# Asus VG248QE Optimale Einstellung



## PhoenixEX (5. September 2014)

Hey Leute,

habe heute meinen Asus VG248QE bekommen 
Leider warte ich noch auf die Innenausstattung 
Aber bis dahin, will ich schon mal alles vorbereiten 
Ich habe vorhin über HDMI mal den Monitor angeschlossen und ich sah direkt, dass ich an den Einstellungen vieles verändern muss
Hat jemand zufällig nen Link oder Die Einstellung parat?
Also fürs Gaming, für den Standardmodus....
Danke
MfG

Ach ja bevor ich es vergesse:

Sollte am Netzteil im Gehäuse hinten(bei mir Fractal R4) viel Platz sein?
Ich habe ein Holztteil hinter dem Gehäuse das mein Netzteil bedeckt(Abstand ist ca 3cm)
Kann ich es dran lassen oder lieber entfernen(also das Holz)

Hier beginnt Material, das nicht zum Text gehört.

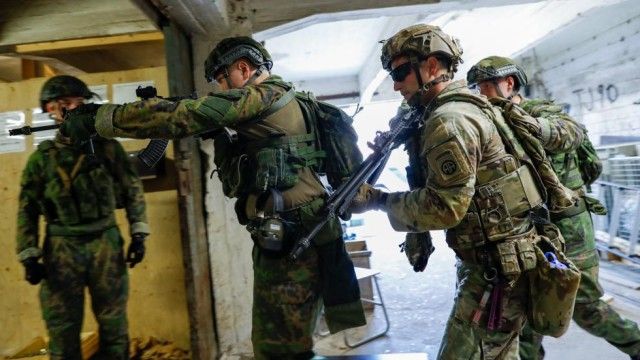 Flashbangs split the pre-dawn silence.
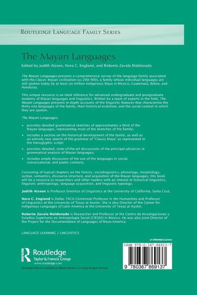 Consisting of topical chapters on the history, sociolinguistics, phonology, morphology, syntax, semantics, discourse structure, and acquisition of the Mayan languages, this book will be a resource for researchers and other readers with an interest in historical linguistics, linguistic anthropology, language acquisition, and linguistic typology.
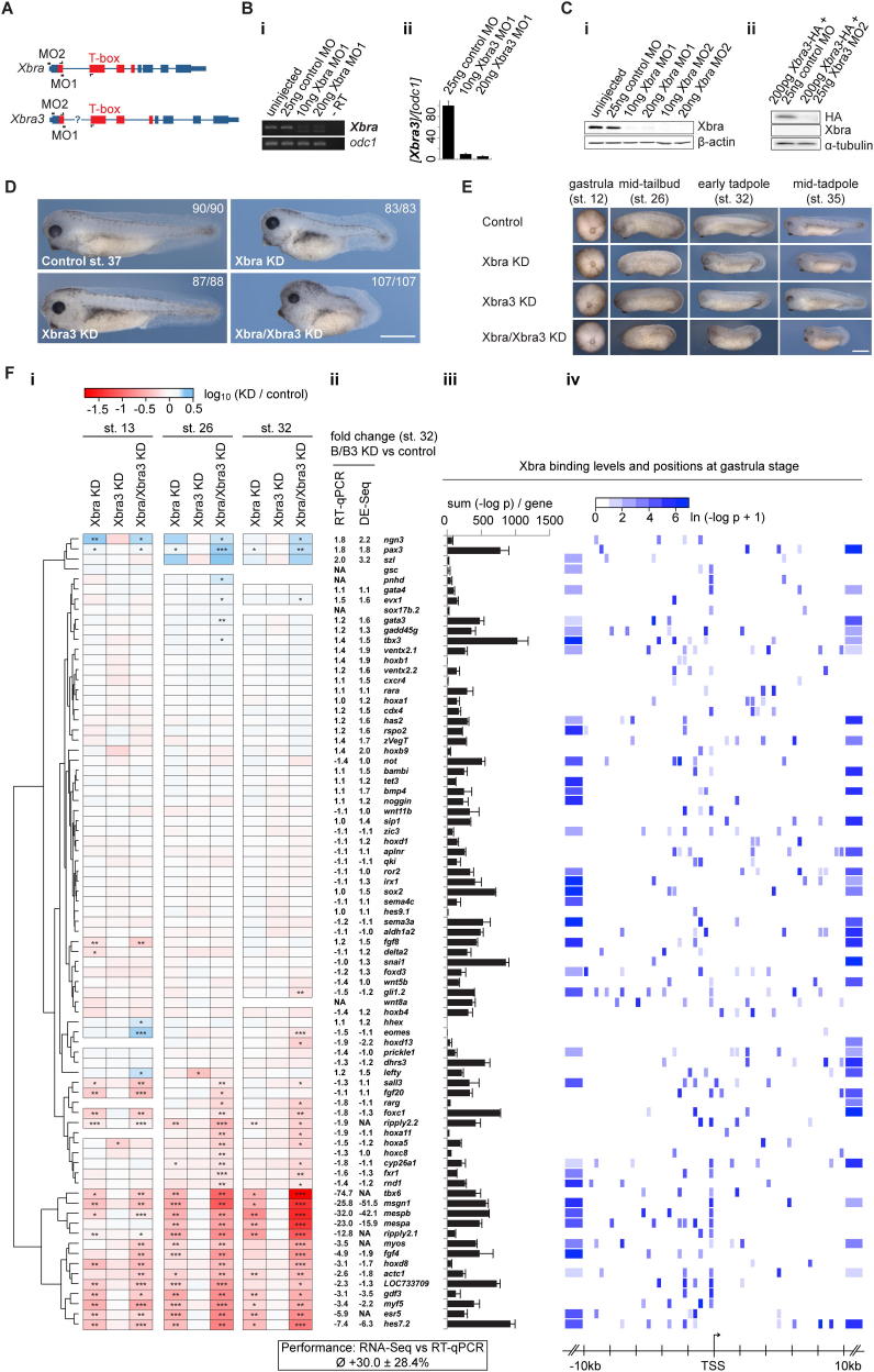Figure S2. Transcriptional Misregulation of Xbra Target Genes Induced by the Single and Combined Knockdown of Xbra and Xbra3 Suggests Functional Redundancy between these Brachyury Paralogues and Reflects the Severity of Corresponding Phenotypes, Related to Figure 2(A) Genomic architecture of Xbra and Xbra3 in X. tropicalis including the position of the T-box within the first four exons (red). Black bars, position of splice- (MO1) and translation-blocking (MO2) morpholinos. Black âfish-hookâ arrows, position of PCR primers used to assess the efficiency of MO1. The length of the first intron of Xbra3 is unknown because of a sequencing gap in the genome (JGI4.1).(B) Efficiency of blocking splicing of Xbra (i) and Xbra3 (ii) by the injection of corresponding MO1 at stage 10.5 (Xbra) and 12 (Xbra3). In contrast to 25 ng control MO, 10 or 20 ng Xbra MO1 caused cryptic splicing, which created multiple bands by diagnostic RT-PCR (i). odc1, loading control. -RT, PCR without reverse transcription. Efficiency of disrupting correct splicing of Xbra3 was quantified by RT-qPCR taking into account melting curves to discriminate wild-type from cryptic templates. Compared to 25ng control MO, 10 or 20 ng of Xbra3 MO1 reduced wild-type splicing to about 5%â10% (ii). Relative concentrations of Xbra3 were normalized with odc1. Error bars, s.d. of biological duplicates.(C) Semiquantitative immunoblotting of endogenous Xbra protein levels at stage 11 upon injection of MO1 or MO2 at different doses (10 and 20 ng) compared to controls (uninjected and injected with 25 ng control MO) (i). Loading control, β-actin. Synthesis of 200 pg Xbra3-HA was inhibited in vivo by Xbra3 MO2 compared to control MO (ii). ChIP-grade Xbra antibody did not recognize Xbra3-HA. Loading control, α-tubulin.(D) The embryo was consistently truncated along its antero-posterior axis, more strongly by the double Xbra/Xbra3 knock-down (KD) than the single Xbra KD. No defects were observed for Xbra3 KD embryos. By tadpole stage, Xbra/Xbra3 morphants were severely truncated to the extent that the tail was hardly elongating. Statistics given here in the top right corner of every picture were from one single experiment recorded at stage 37. Scale bar, 0.5 mm.(E) Developmental time course of embryos injected with MO1 and MO2 (5 ng each) to knock down Xbra and Xbra3 individually and simultaneously. Scale bar, 0.5 mm.(F) Clustered differential expression profile (Xbra, Xbra3 and Xbra/Xbra3 KD versus control) for some Xbra target genes: (i) Transcriptional fold changes induced by the KD of Xbra, Xbra3 or Xbra/Xbra3 were determined at stage 13 (early neurula), 26 (mid-tailbud) and 32 (early tadpole) by RT-qPCR (n = 3), logarithmised, clustered and visualized as a heat map (red, downregulated; blue, upregulated). ⥠1.5-fold transcriptional mis-regulation: â, FDR < 10%; ââ, FDR < 1%; âââ, FDR < 0.1%. (ii) If available, the fold change of transcription is indicated for Xbra/Xbra3 (B/B3) KD compared to control embryos at stage 32 calculated by RT-qPCR and RNA-Seq/DESeq (DE-Seq). Floating-point numbers preceded by a minus symbol indicate a downregulation. NA indicates that differential expression data could not be obtained from the RNA-Seq experiment since the transcriptome assembly (JGI4.1) used for the alignment did not contain the sequences for esr5, myos, ripply2.1, ripply2.2 and tbx6. Differential expression data was subsequently complemented with these missing genes. A comparison of 70 genes indicated that RNA-Seq followed by DESeq (Anders and Huber, 2010) resulted in an average 30% (s.d. +/â28.4%) greater positive fold change than RT-qPCR. (iii, iv) Xbra binding levels and positions per selected target gene at gastrula stage. (iii) Quantification of binding per target gene (sum [-log p]). Error bar, s.d. of biological duplicates. (iv) Xbra binding pattern closest to selected target genes. DNA occupancies were binned at 400-bp intervals between 10 kb up- and downstream from the corresponding TSS. Beyond this range Xbra binding events were collected into single bins. DNA occupancy was visualized as a heat map according to the natural logarithm (ln) of [-log p + 1]. |

Und dieses blöde Rot Grün Blau sehe ich in den Einstellungen auch nicht
Why??


----------



## Painkiller (5. September 2014)

> Ich habe vorhin über HDMI mal den Monitor angeschlossen und ich sah direkt, dass ich an den Einstellungen vieles verändern muss


HDMI + 144Hz = Geht nicht 
Schließe das Gerät via DVI-D an, dann sollte alles funktionieren. 



> Hat jemand zufällig nen Link oder Die Einstellung parat?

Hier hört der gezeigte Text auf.